The problem says that it is a "minor storage facility", which is specifically listed in Occupancy Category I in ASCE 7-05 (Table 1-1). (Hopefully I'm looking at the same problem book...)


----------



## McEngr (Mar 24, 2011)

brosenbe said:


> McEngr said:
> 
> 
> > McEngr said:
> ...


I suppose I'm not accustomed to looking at the occupancy categories in ASCE 7, moreso in IBC 2006/2009. You are correct.


----------



## brosenbe (Mar 24, 2011)

McEngr said:


> brosenbe said:
> 
> 
> > McEngr said:
> ...


No problem. Gotta love the strict adherence to the code...makes this process so much more fun. (FYI, it's also in IBC 2006 Table 1604.5)


----------



## Ble_PE (Mar 24, 2011)

McEngr said:


> Problem 104 is the first error I've found (only done 4 problems so far), and they forget to include the Cu factor in determining the period. T=Cu*Ta. They use Ta in the problem, but the answer would most closely match A anyways...
> FYI.


It's my understanding that T=Cu*Ta is only the upper limit of T, not the fundamental period itself. Without performing an analysis to find T, the only option we have in that problem is using Ta as T, which is allowed per ASCE 12.8.2:



> As an alternative to performing an analysis to determine the fundamental period, T, it is permitted to use the approximate building period, Ta.


Let me know if I'm missing something here...


----------



## McEngr (Mar 24, 2011)

Ble_PE said:


> McEngr said:
> 
> 
> > Problem 104 is the first error I've found (only done 4 problems so far), and they forget to include the Cu factor in determining the period. T=Cu*Ta. They use Ta in the problem, but the answer would most closely match A anyways...
> ...


Well, if we are to be specific, Ta="Approximate" fundamental period, and the problem statement should have been more clear in my opinion.


----------



## McEngr (Mar 24, 2011)

Well, if we are to be specific, Ta="Approximate" fundamental period, and the problem statement should have been more clear in my opinion.

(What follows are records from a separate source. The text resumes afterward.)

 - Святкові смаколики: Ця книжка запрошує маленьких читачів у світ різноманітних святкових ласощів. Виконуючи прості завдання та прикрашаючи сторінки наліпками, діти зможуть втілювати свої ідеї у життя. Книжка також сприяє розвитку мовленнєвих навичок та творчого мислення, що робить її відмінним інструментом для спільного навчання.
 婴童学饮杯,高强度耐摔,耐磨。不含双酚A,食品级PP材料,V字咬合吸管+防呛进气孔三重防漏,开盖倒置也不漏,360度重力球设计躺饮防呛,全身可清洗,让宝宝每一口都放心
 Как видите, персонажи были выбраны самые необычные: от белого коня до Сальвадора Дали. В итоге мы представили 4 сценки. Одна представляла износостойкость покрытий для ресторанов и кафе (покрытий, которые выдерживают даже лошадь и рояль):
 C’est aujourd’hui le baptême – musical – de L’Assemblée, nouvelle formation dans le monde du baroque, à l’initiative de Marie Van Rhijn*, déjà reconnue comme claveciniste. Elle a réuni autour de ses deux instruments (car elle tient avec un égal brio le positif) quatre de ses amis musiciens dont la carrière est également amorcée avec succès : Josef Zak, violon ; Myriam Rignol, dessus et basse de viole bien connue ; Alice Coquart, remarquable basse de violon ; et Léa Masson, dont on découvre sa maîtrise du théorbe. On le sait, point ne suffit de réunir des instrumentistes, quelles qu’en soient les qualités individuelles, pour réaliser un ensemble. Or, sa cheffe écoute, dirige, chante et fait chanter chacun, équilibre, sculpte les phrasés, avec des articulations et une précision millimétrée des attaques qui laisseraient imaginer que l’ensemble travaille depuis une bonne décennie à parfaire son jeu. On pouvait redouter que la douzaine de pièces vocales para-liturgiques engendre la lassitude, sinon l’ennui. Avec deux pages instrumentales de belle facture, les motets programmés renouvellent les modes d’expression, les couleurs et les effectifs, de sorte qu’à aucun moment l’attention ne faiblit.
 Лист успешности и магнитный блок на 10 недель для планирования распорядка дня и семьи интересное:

I am trying to figure out the purpose of the T max. Is it for the Cs(max) equation or if you are to use an eigensolution / SRSS? Any comments would help me out. Thanks!


----------



## Ble_PE (Mar 24, 2011)

I don't think the problem needed to be worded any differently at all because even though Ta is the approximate fundamental period, it can be used for any design per the code. That means you can use that equation to calculate the period of the building in lieu of performing a substantiated analysis. No ambiguity there at all. :dunno:


----------



## kevo_55 (Mar 24, 2011)

McEngr said:


> I am trying to figure out the purpose of the T max. Is it for the Cs(max) equation or if you are to use an eigensolution / SRSS? Any comments would help me out. Thanks!


The value for Tmax is really for the seismic force determination via Modal or Seismic Response. (Note: both modal &amp; Seismic response can use eignsolution &amp; SRSS methods.)

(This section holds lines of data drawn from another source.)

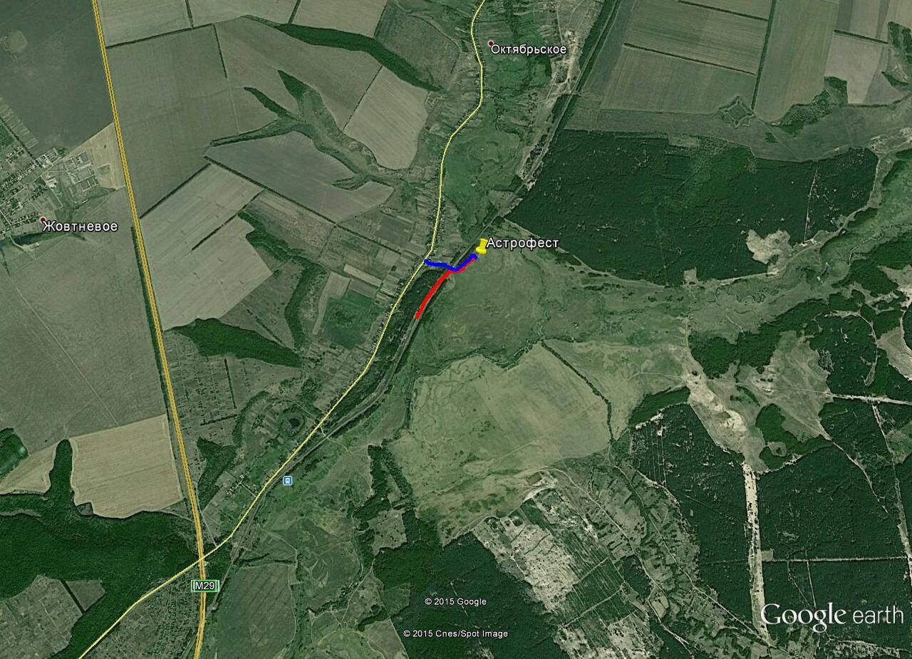 Красным - пеший маршрут от ж.д. остановки .Синим обозначена грунтовая дорога от асфальта. Асфальт, это дорога проходящая через село Октябрьское. Там надо повернуть на грунтовую дорогу и проехать под небольшим ж.д. мостом далее на луг.
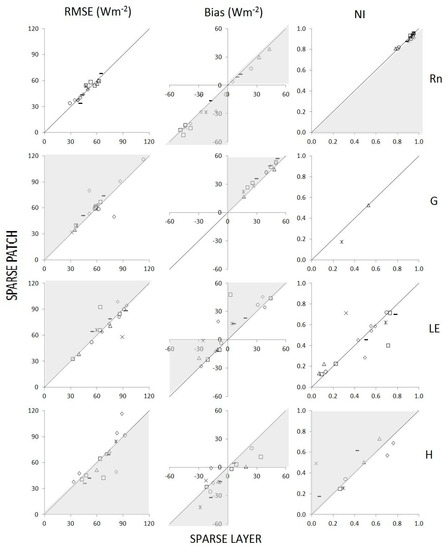 Performances of instantaneous retrievals from each unbounded model versions (patch vs. layer) at 13:30 for net radiation (Rn), soil heat flux (G), total latent heat flux (LE), and total sensible heat flux (H). (RMSE: root mean square error in W m−2; Bias: in W m−2; NI: Nash-Sutcliff efficiency Index). Grey zone matches area containing most of the points. Square symbols = Lamasquère, Circle symbols = Niger, Diamond symbols = Avignon, Triangle symbols = Tunisia, Cross symbol = Barbeau, String symbol = Auradé, Star symbol = Morocco.
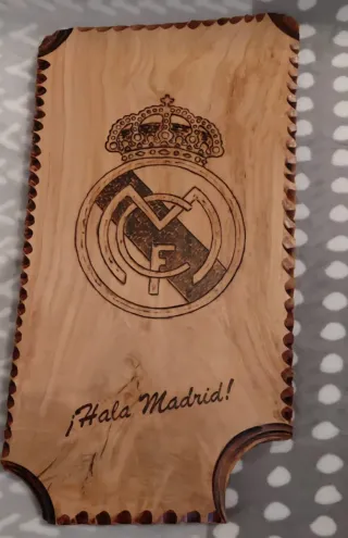 Tabla decorativa de madera con el escudo del Real Madrid y la frase ¡Hala Madrid!. - Diseño grabado a fuego. - Bordes decorados con puntadas. - Ideal para aficionados del club.
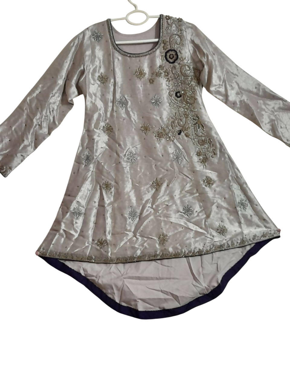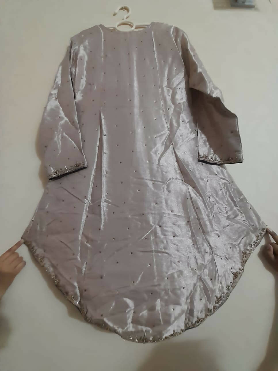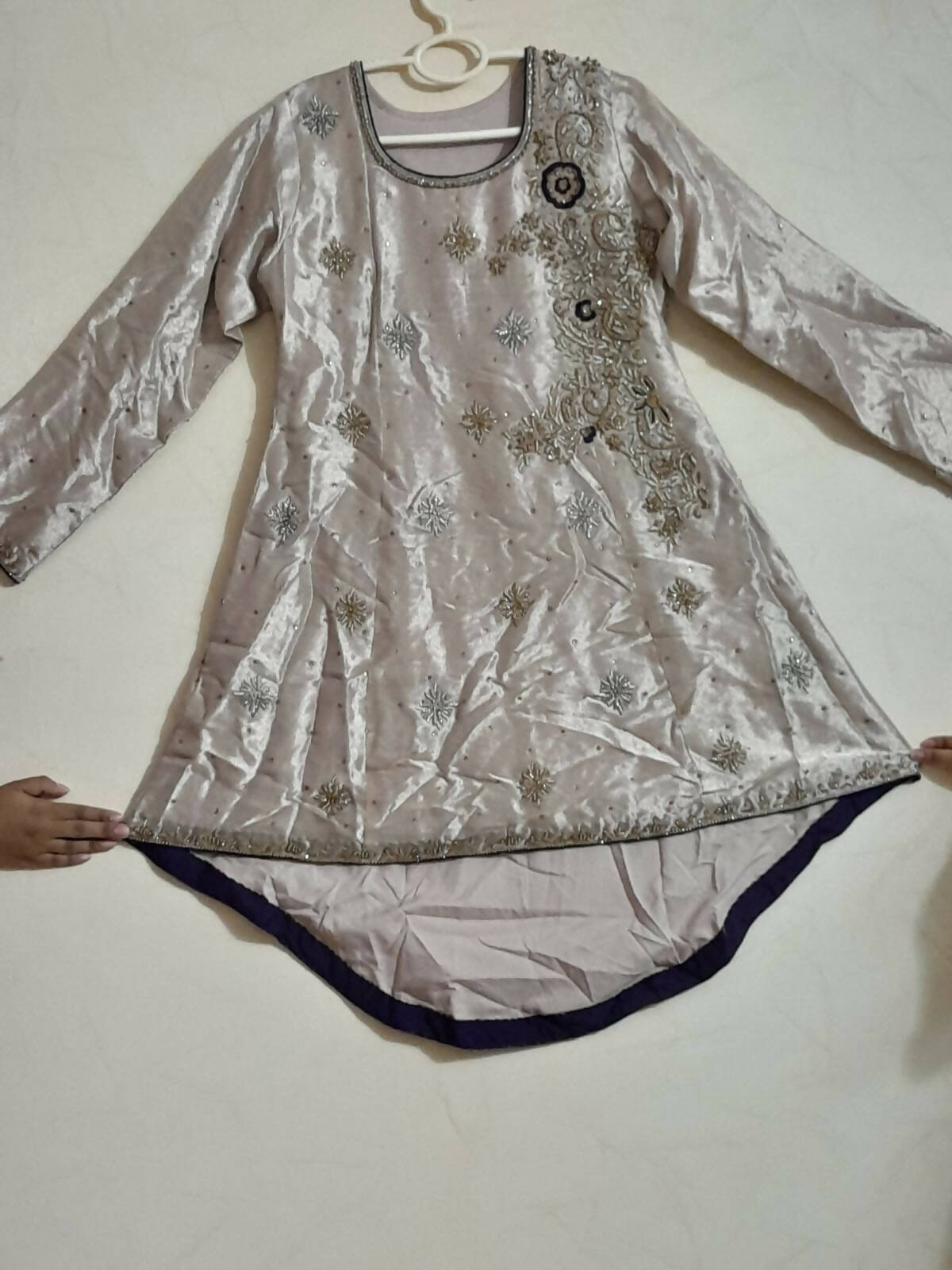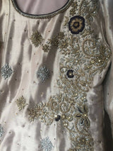 | MATERIAL & MEASUREMENT | Sleeves 23 Front length 35 Back length 43 Chest 20.5 Waist 18 Dhaka pajama length 43 (Jamawar) |
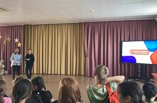 В лагере состоялась эвристическая беседа о РДДМ «Движение первых». Просмотр видеопрезентации и обсуждение.
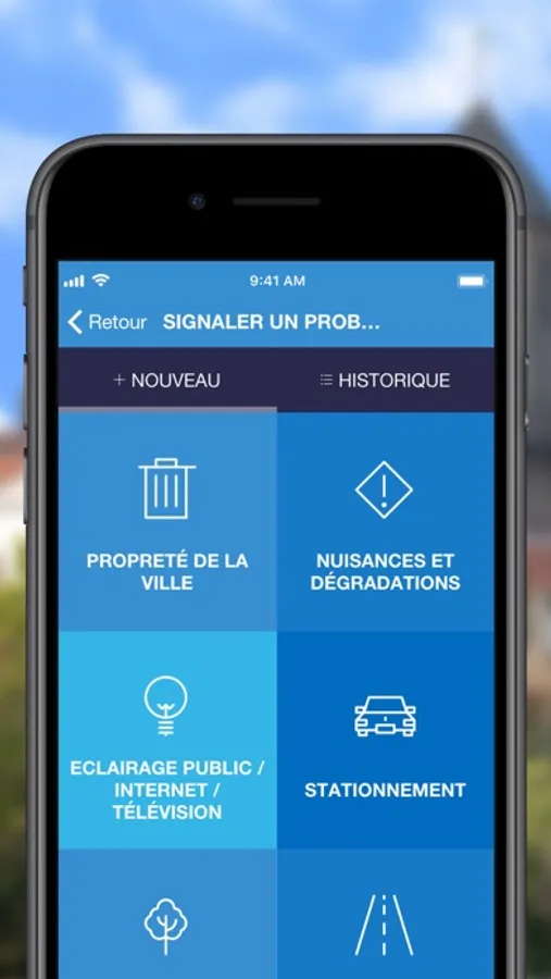 • Signalez instantanément les incidents que vous pouvez rencontrer : chaussée endommagée, graffiti, éclairage public défaillant, etc.

Ok, I can't believe I still had that in me. I'm done for today....


----------



## McEngr (Mar 24, 2011)

Thanks kevo and brosenbe, I recall now that Ta can be used. I usually design low-rise and probably have had the upper T limit on a few of my calc checks for the upper limit of Cs... oh well. I doubt anything would surface being incorrect. It's been a while since I've studied this and a little embarrassing that I asked without checking.


----------